(Collected material Opens)

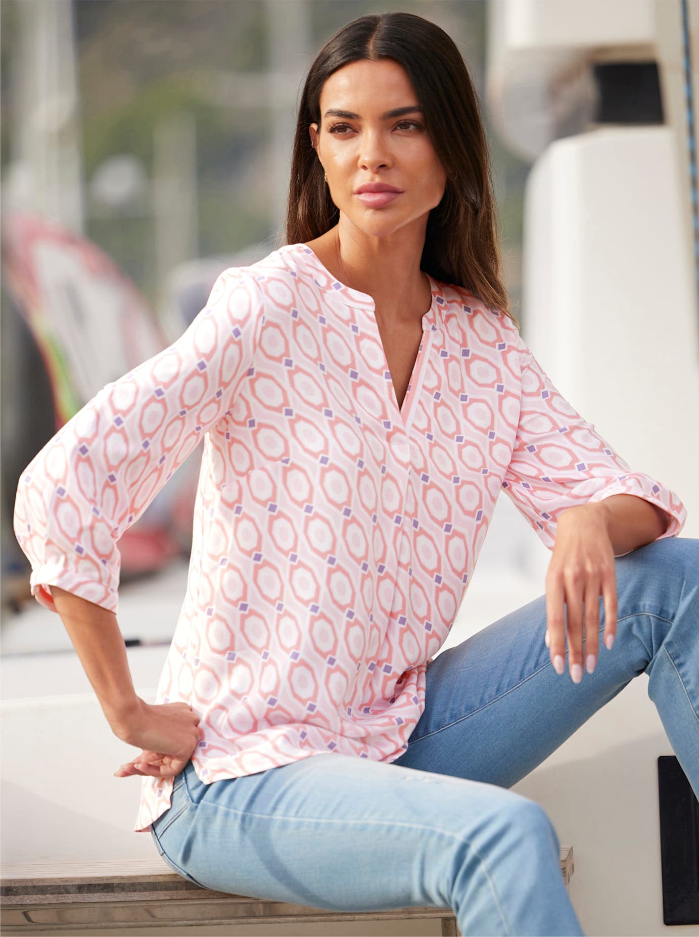 2-in-1-Bluse Top gestylt im Lagen-Look, mit leicht transparenten Netzeinsätzen und Zierknopfleiste vorn. Mit Rundhals-Ausschnitt, im Nacken zu knöpfen, und 3/4 Arm. Pflegeleichte, knitterarme Koffer-Qualität. 100% Polyester. Besatz: 100% Polyester. Maschinenwäsche.
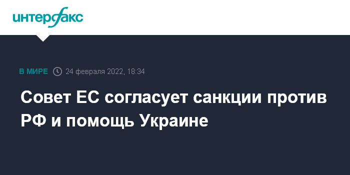 "Совет ЕС соберется на встречу сегодня. Мы согласуем по существу пакет целенаправленных санкций. Мы также примем решения в отношении политической, финансовой и гуманитарной помощи Украине и ее народу", - заявил он в штаб-квартире НАТО, где прошла встреча с генсеком альянса Йенсом Столтенбергом и главой ЕК Урсулой фон дер Ляйен.
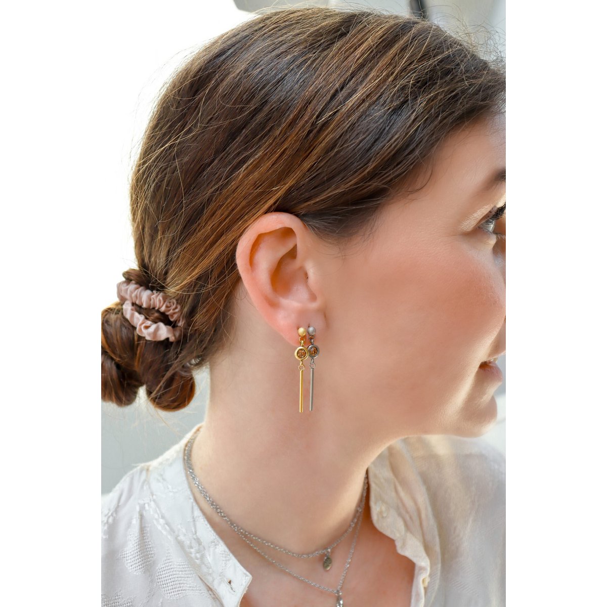 Silver diamond earrings, made of stainless steel. The diamond has a brown color and has a beautiful sparkle. The stud itself has a frosted look, which makes it extra special. The silver earrings are hypoallergenic, durable, colourfast, strong and affordable.

(Collected material Closes)

* _Your task_
Everything but the pictures is needed: copy the data above exactly.

* _Task answer_
 2-in-1-Bluse Top gestylt im Lagen-Look, mit leicht transparenten Netzeinsätzen und Zierknopfleiste vorn. Mit Rundhals-Ausschnitt, im Nacken zu knöpfen, und 3/4 Arm. Pflegeleichte, knitterarme Koffer-Qualität. 100% Polyester. Besatz: 100% Polyester. Maschinenwäsche.
 "Совет ЕС соберется на встречу сегодня. Мы согласуем по существу пакет целенаправленных санкций. Мы также примем решения в отношении политической, финансовой и гуманитарной помощи Украине и ее народу", - заявил он в штаб-квартире НАТО, где прошла встреча с генсеком альянса Йенсом Столтенбергом и главой ЕК Урсулой фон дер Ляйен.
 Silver diamond earrings, made of stainless steel. The diamond has a brown color and has a beautiful sparkle. The stud itself has a frosted look, which makes it extra special. The silver earrings are hypoallergenic, durable, colourfast, strong and affordable.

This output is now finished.